Your task ▸
Lines below starting with the line with "Anh dùng tông" and going on through the line with "在诸多展品中,虽然随着历史的" must be output exactly; the rest of the records must be left out.

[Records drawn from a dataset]
_____

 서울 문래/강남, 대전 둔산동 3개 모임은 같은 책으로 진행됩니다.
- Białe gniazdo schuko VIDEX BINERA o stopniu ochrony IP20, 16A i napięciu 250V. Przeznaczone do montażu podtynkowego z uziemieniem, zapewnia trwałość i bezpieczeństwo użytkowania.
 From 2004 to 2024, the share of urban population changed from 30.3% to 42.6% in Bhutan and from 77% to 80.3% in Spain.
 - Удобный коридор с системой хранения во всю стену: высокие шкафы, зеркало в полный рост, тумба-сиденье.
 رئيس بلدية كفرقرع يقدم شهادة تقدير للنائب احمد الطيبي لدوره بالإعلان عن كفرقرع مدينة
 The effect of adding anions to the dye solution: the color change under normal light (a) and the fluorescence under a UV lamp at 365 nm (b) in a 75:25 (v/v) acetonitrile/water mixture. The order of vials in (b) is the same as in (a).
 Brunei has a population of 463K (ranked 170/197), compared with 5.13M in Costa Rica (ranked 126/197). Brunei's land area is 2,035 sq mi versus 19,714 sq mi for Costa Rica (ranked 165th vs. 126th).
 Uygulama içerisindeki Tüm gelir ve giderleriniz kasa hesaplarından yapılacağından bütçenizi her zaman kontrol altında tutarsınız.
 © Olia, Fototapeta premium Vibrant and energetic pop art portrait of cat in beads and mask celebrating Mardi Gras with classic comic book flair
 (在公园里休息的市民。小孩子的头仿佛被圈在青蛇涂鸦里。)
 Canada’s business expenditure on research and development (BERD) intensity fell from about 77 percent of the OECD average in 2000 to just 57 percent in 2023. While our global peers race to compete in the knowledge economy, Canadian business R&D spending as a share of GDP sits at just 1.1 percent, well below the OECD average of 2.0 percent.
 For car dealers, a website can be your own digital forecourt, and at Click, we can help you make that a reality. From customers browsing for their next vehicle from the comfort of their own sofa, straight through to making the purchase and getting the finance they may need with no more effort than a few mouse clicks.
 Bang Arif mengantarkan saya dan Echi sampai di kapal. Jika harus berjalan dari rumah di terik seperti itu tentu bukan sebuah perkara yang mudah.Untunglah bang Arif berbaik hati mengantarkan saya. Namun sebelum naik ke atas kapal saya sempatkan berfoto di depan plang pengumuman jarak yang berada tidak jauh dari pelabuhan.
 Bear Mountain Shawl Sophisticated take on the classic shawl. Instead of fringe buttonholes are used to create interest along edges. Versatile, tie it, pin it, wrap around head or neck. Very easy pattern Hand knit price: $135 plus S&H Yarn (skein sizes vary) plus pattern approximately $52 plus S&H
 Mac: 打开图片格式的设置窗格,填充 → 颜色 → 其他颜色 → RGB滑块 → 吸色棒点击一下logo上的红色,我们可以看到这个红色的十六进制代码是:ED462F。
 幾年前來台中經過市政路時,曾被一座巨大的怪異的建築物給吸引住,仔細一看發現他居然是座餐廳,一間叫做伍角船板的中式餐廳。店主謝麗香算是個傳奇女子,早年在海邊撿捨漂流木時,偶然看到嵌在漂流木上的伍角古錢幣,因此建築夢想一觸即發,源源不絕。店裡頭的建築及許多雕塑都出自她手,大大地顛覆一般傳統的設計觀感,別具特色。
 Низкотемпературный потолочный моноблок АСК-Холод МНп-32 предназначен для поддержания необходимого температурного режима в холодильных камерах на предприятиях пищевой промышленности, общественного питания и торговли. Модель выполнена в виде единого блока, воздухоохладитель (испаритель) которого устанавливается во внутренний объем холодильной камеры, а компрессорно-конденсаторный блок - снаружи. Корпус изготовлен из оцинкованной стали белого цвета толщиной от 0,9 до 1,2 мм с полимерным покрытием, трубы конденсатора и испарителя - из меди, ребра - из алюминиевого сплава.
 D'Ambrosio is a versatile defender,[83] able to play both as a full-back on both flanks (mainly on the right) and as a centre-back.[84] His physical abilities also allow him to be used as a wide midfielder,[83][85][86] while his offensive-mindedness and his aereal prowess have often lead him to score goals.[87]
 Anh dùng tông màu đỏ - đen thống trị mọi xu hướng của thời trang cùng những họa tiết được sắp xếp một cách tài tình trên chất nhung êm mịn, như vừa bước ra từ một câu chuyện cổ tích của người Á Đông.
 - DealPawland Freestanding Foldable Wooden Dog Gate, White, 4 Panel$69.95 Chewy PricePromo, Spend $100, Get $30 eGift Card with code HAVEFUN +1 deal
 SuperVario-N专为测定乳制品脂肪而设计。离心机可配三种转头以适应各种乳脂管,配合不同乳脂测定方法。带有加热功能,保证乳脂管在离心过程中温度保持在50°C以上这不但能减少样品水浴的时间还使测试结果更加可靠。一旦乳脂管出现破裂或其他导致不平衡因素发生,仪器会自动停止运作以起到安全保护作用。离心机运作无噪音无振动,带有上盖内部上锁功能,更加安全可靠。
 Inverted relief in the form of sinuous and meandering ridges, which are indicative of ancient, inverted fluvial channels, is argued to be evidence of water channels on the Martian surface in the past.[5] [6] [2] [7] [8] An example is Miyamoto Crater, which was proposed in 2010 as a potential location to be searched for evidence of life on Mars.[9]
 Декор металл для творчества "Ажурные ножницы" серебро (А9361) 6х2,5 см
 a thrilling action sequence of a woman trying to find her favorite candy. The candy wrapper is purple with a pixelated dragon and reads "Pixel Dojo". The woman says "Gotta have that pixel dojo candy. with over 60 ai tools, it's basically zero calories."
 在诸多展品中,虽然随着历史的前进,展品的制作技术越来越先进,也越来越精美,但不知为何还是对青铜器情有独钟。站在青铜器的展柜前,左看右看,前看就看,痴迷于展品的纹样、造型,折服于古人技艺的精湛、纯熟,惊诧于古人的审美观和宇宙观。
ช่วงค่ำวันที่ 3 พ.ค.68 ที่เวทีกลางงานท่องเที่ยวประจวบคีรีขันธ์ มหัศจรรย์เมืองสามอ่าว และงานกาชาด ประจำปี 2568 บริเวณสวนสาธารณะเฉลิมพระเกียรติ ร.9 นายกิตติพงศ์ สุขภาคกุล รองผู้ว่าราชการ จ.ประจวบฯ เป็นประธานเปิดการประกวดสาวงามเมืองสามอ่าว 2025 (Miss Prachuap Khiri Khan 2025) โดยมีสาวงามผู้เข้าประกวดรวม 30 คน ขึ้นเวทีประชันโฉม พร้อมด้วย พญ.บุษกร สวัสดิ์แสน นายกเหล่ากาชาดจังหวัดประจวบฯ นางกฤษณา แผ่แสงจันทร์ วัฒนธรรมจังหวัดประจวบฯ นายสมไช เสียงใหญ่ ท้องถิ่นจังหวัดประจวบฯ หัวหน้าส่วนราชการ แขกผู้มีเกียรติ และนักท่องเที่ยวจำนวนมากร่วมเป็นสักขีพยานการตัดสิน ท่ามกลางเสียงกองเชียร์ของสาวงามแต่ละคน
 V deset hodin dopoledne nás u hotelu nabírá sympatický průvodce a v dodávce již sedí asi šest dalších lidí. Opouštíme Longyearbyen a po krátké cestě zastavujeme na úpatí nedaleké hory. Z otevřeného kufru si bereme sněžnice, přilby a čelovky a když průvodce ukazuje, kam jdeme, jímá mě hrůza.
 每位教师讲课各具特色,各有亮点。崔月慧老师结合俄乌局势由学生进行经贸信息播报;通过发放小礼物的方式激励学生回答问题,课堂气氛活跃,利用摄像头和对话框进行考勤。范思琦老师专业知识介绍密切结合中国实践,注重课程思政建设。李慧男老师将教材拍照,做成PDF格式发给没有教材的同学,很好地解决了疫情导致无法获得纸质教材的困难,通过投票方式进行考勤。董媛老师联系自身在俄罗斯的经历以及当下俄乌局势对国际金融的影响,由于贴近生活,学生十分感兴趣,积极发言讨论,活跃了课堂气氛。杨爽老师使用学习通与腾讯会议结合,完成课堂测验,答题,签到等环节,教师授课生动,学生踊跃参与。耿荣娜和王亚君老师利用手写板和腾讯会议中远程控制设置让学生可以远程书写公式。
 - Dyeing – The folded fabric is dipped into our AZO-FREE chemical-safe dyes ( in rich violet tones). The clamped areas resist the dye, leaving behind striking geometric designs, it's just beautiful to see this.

_____

Response for this exercise ▸
 Anh dùng tông màu đỏ - đen thống trị mọi xu hướng của thời trang cùng những họa tiết được sắp xếp một cách tài tình trên chất nhung êm mịn, như vừa bước ra từ một câu chuyện cổ tích của người Á Đông.
 - DealPawland Freestanding Foldable Wooden Dog Gate, White, 4 Panel$69.95 Chewy PricePromo, Spend $100, Get $30 eGift Card with code HAVEFUN +1 deal
 SuperVario-N专为测定乳制品脂肪而设计。离心机可配三种转头以适应各种乳脂管,配合不同乳脂测定方法。带有加热功能,保证乳脂管在离心过程中温度保持在50°C以上这不但能减少样品水浴的时间还使测试结果更加可靠。一旦乳脂管出现破裂或其他导致不平衡因素发生,仪器会自动停止运作以起到安全保护作用。离心机运作无噪音无振动,带有上盖内部上锁功能,更加安全可靠。
 Inverted relief in the form of sinuous and meandering ridges, which are indicative of ancient, inverted fluvial channels, is argued to be evidence of water channels on the Martian surface in the past.[5] [6] [2] [7] [8] An example is Miyamoto Crater, which was proposed in 2010 as a potential location to be searched for evidence of life on Mars.[9]
 Декор металл для творчества "Ажурные ножницы" серебро (А9361) 6х2,5 см
 a thrilling action sequence of a woman trying to find her favorite candy. The candy wrapper is purple with a pixelated dragon and reads "Pixel Dojo". The woman says "Gotta have that pixel dojo candy. with over 60 ai tools, it's basically zero calories."
 在诸多展品中,虽然随着历史的前进,展品的制作技术越来越先进,也越来越精美,但不知为何还是对青铜器情有独钟。站在青铜器的展柜前,左看右看,前看就看,痴迷于展品的纹样、造型,折服于古人技艺的精湛、纯熟,惊诧于古人的审美观和宇宙观。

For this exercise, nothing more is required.